Icahn, known for inviting CEOs he’s targeting to his home and offering them a martini, has placed nine directors on boards this year alone.
Icahn’s new role is “probably going to be mildly bad news” for most CEOs, said Michael Levin, an activist investor and director on the board of Comarco Inc.
Levin said he does not expect Icahn to have much interest in changes related to social or environmental activism by shareholders.
Once seen as a sideshow, the proposals have often drawn traction since the financial crisis. Measures calling on companies to report on sustainability averaged around 30 percent support from shareholders this year for instance, according to the Sustainable Investments Institute.
But critics have pushed back at the ballot questions, often seeing them as nonbinding distractions or unrelated to core business issues and best left for managers to decide.
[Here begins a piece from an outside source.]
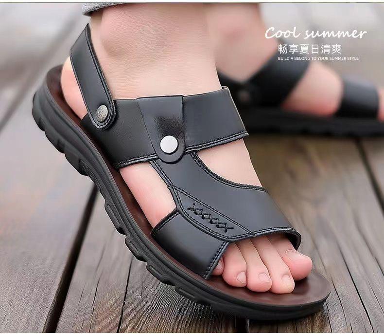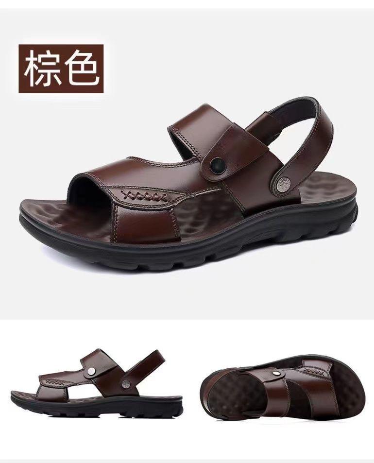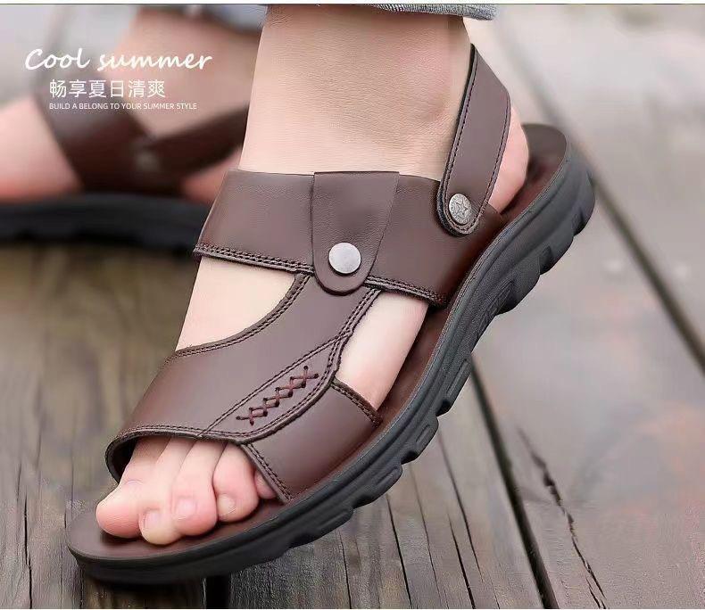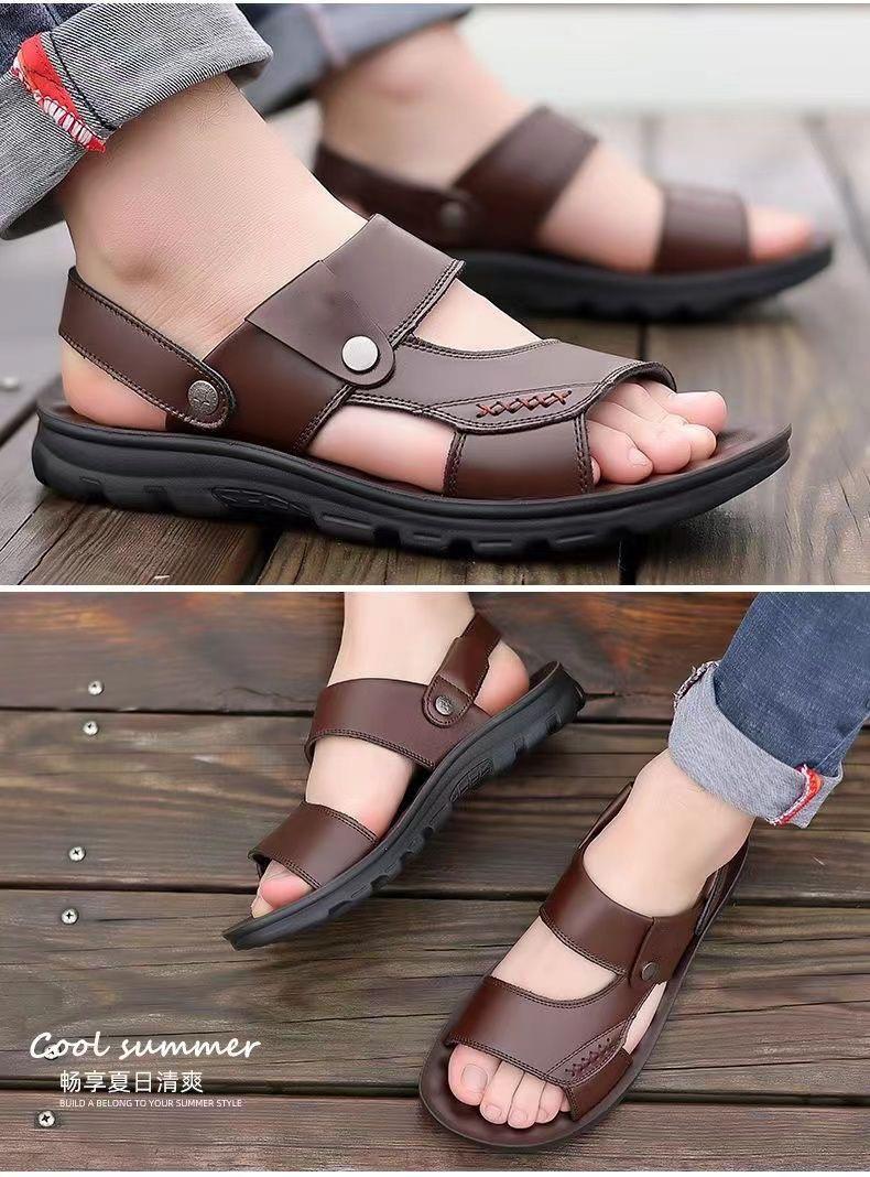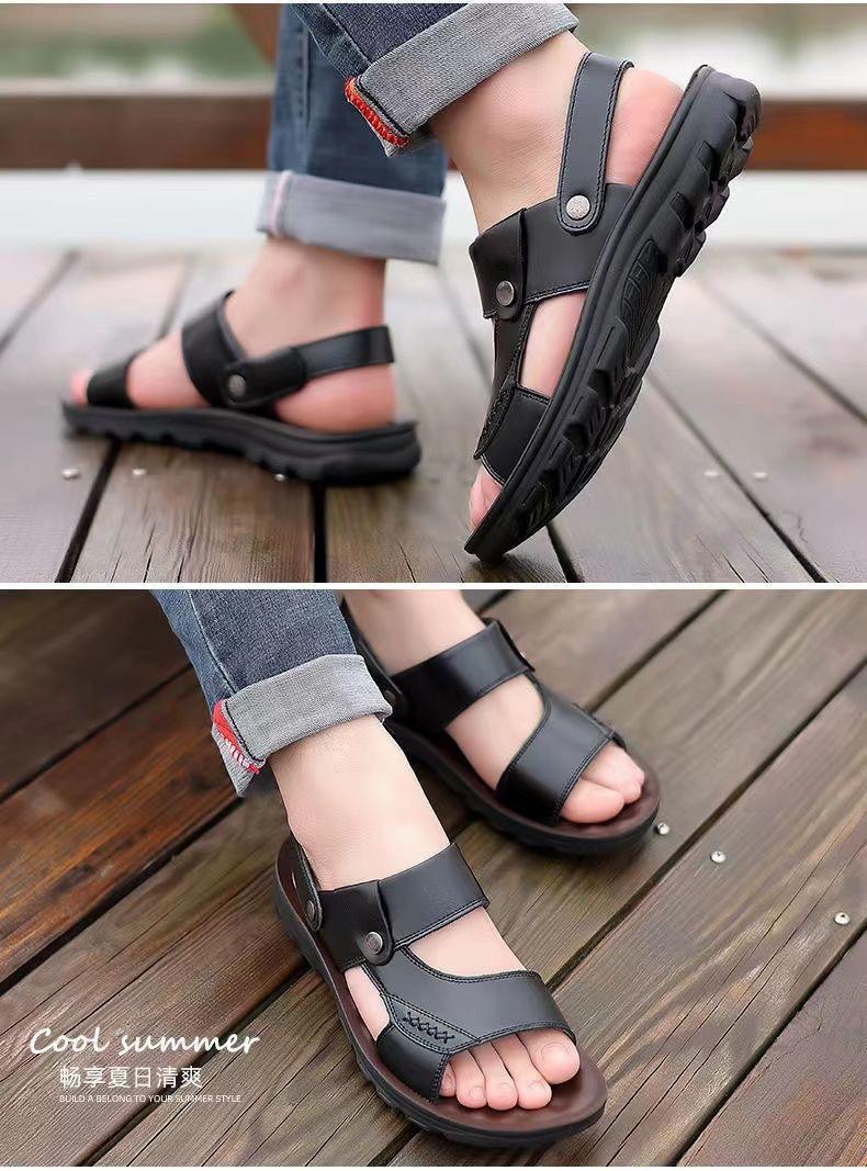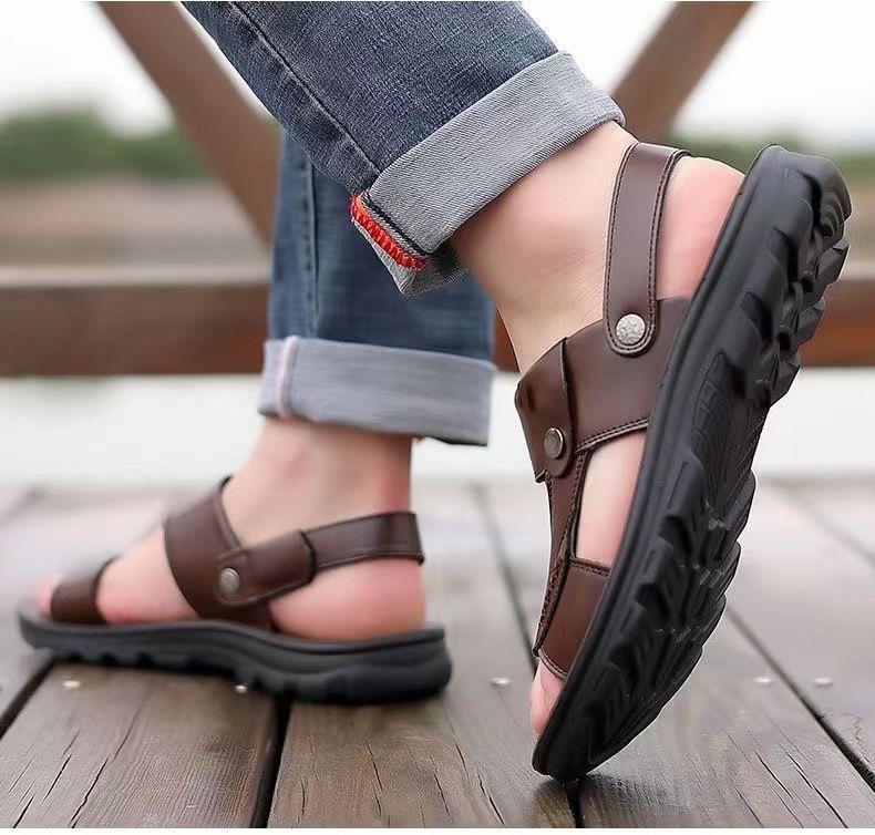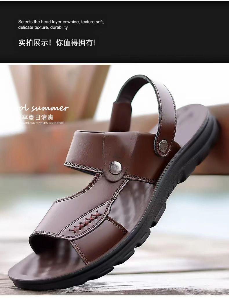 Verano Nuevas Sandalias Outdoor para Hombre Casual Piel de Vacuno de Capa Superior Zapatos de Playa Cómodas Sandalias y Pantuflas de Doble Uso Cuero Genuino Combinan con Todo

Paul Atkins, a transition adviser and a former SEC commissioner who is one of two leading choices to head the SEC, which regulates how questions can be put on company ballots, has been a steady critic of the trend. In a 2008 speech he referred to “the abusive use of the shareholder proposal process by some institutional investors.”
Another SEC front runner, Debra Wong Yang, is a partner at law firm Gibson, Dunn & Crutcher, which is frequently tapped by companies to fend off unwanted shareholder proposals.
Although Icahn himself has filed shareholder proposals, such as one calling for Apple Inc. to up its stock buybacks, he has voiced skepticism of smaller-scale proposals aiming for what he regards as minor governance changes, which he said in a 2013 interview, do not “move the needle much.”